For each time step tᵢ with position pᵢ: 1. Encode time: time_hv = scalar_encode(tᵢ) 2. Encode position coords: coord_hvs = [scalar_encode(c) for c in pᵢ] 3. Bind coords to dimensions: pos_hv = Σⱼ bind(Dⱼ, coord_hv_j) 4. Bind time with position: point_hv = bind(time_hv, pos_hv) 5. Permute by index: indexed_hv = permute(point_hv, i)

trajectory_hv = Σᵢ indexed_hv

This creates an encoding that: - Preserves temporal ordering (via permutation) - Captures smooth trajectories (via continuous scalar encoding) - Enables partial matching and interpolation - Supports multi-dimensional paths

scalar_encoder¶: Encoder for continuous values (FPE or Thermometer)

n_dimensions¶: Dimensionality of trajectory (1D, 2D, or 3D)

time_range¶: (min_time, max_time) for temporal normalization

dim_vectors¶: Hypervectors for spatial dimensions (x, y, z)

Example

>>> from holovec import VSA
>>> from holovec.encoders import FractionalPowerEncoder, TrajectoryEncoder
>>>
>>> model = VSA.create('FHRR', dim=10000)
>>> scalar_enc = FractionalPowerEncoder(model, min_val=0, max_val=100)
>>> encoder = TrajectoryEncoder(model, scalar_encoder=scalar_enc, n_dimensions=2)
>>>
>>> # Encode a 2D path
>>> path = [(10, 20), (15, 25), (20, 30), (25, 35)]
>>> hv = encoder.encode(path)
>>>
>>> # Similar paths have high similarity
>>> path2 = [(10, 20), (15, 25), (20, 30), (25, 40)]  # Slightly different
>>> hv2 = encoder.encode(path2)
>>> model.similarity(hv, hv2)  # High similarity

Initialize trajectory encoder.

Parameters:

model – VSA model instance
scalar_encoder – Encoder for continuous values (FPE or Thermometer recommended)
n_dimensions – Trajectory dimensionality (1, 2, or 3)
time_range – (min, max) time values for normalization (optional)
seed – Random seed for dimension vector generation

Raises:

ValueError – If n_dimensions not in {1, 2, 3}
TypeError – If scalar_encoder is not reversible

__init__(model: VSAModel, scalar_encoder: ScalarEncoder, n_dimensions: int = 1, time_range: Tuple[float, float] | None = None, seed: int | None = None)[source]¶

Initialize trajectory encoder.

Parameters:

model – VSA model instance
scalar_encoder – Encoder for continuous values (FPE or Thermometer recommended)
n_dimensions – Trajectory dimensionality (1, 2, or 3)
time_range – (min, max) time values for normalization (optional)
seed – Random seed for dimension vector generation

Raises:

ValueError – If n_dimensions not in {1, 2, 3}
TypeError – If scalar_encoder is not reversible

encode(trajectory: List[float | Tuple[float, ...]]) → Any[source]¶

Encode a trajectory as a hypervector.

Each point in the trajectory is encoded with temporal information, then all points are combined with position-based permutation.

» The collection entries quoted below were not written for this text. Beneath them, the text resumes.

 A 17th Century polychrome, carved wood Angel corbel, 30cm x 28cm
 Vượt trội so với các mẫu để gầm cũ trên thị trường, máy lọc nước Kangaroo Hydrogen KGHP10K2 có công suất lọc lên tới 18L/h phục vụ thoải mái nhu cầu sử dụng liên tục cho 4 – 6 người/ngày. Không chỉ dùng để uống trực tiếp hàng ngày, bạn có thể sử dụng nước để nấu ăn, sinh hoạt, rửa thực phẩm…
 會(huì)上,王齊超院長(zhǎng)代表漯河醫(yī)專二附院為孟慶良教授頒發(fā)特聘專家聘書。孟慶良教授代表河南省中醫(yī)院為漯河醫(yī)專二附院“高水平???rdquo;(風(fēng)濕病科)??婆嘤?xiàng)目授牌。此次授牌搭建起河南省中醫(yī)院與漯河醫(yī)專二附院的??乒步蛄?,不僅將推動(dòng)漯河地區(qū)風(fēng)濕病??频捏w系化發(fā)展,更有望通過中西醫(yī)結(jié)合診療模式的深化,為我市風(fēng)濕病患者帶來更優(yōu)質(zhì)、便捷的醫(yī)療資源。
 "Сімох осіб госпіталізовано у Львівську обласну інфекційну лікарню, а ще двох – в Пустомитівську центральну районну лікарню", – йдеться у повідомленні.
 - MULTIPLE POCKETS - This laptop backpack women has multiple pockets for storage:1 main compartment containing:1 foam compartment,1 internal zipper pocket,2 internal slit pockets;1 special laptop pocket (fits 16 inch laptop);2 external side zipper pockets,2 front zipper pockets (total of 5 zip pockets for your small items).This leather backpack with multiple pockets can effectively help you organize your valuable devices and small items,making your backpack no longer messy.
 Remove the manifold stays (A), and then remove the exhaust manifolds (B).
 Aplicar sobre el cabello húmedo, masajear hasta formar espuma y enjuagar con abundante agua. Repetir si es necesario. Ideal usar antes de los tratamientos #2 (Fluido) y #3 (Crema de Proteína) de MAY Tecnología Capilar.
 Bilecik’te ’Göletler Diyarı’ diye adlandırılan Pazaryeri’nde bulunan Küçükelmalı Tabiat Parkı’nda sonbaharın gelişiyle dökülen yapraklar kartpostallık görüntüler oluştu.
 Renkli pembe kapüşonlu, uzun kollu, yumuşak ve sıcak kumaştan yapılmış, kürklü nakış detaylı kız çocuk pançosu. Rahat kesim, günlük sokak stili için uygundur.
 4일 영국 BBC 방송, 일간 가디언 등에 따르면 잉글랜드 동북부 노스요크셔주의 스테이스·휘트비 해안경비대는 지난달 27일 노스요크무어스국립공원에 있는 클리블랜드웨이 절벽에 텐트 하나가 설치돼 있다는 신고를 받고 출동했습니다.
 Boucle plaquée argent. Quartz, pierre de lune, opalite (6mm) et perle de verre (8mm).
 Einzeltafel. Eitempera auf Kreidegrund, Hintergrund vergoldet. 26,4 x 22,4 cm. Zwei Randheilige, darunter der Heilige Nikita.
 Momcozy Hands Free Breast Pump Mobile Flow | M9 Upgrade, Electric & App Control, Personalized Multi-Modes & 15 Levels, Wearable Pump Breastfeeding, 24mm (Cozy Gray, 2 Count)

Parameters:: trajectory – List of points - 1D: List[float] e.g., [1.0, 2.5, 3.7, …] - 2D: List[Tuple[float, float]] e.g., [(1,2), (3,4), …] - 3D: List[Tuple[float, float, float]] e.g., [(1,2,3), …]
Returns:: Hypervector representing the trajectory
Raises:: ValueError – If trajectory is empty or points have wrong dimensionality

Example

>>> # 1D time series
>>> encoder_1d = TrajectoryEncoder(model, scalar_enc, n_dimensions=1)
>>> hv = encoder_1d.encode([1.0, 2.5, 3.7, 5.2])
>>>
>>> # 2D path
>>> encoder_2d = TrajectoryEncoder(model, scalar_enc, n_dimensions=2)
>>> hv = encoder_2d.encode([(0,0), (1,1), (2,2)])

decode(hypervector: Any, max_points: int = 10) → List[Tuple[float, ...]][source]¶

Decode trajectory hypervector to recover approximate points.

Note: Trajectory decoding is not yet implemented. It requires: 1. Unpermuting each position 2. Unbinding time from position 3. Unbinding each coordinate from dimension vectors 4. Decoding scalar values 5. Interpolation for smooth trajectories

Parameters:

hypervector – Encoded trajectory hypervector
max_points – Maximum points to decode

Returns:

List of decoded points (not implemented yet)

Raises:

NotImplementedError – Trajectory decoding requires solving nested binding inverse problem.

Notes

Trajectory decoding is not implemented because it requires multi-level unbinding with cascading error accumulation:

Mathematical Challenge:

The encoding process creates nested bindings:

trajectory_hv = bundle([: bind(time(t), bind(dimension(d), scalar(coord[t,d]))) for all t, d

])

To decode a single point at time t: 1. Unbind time: point_hv[t] = unbind(trajectory_hv, time(t)) 2. For each dimension d:

Unbind dimension: coord_hv[d] = unbind(point_hv[t], dimension(d))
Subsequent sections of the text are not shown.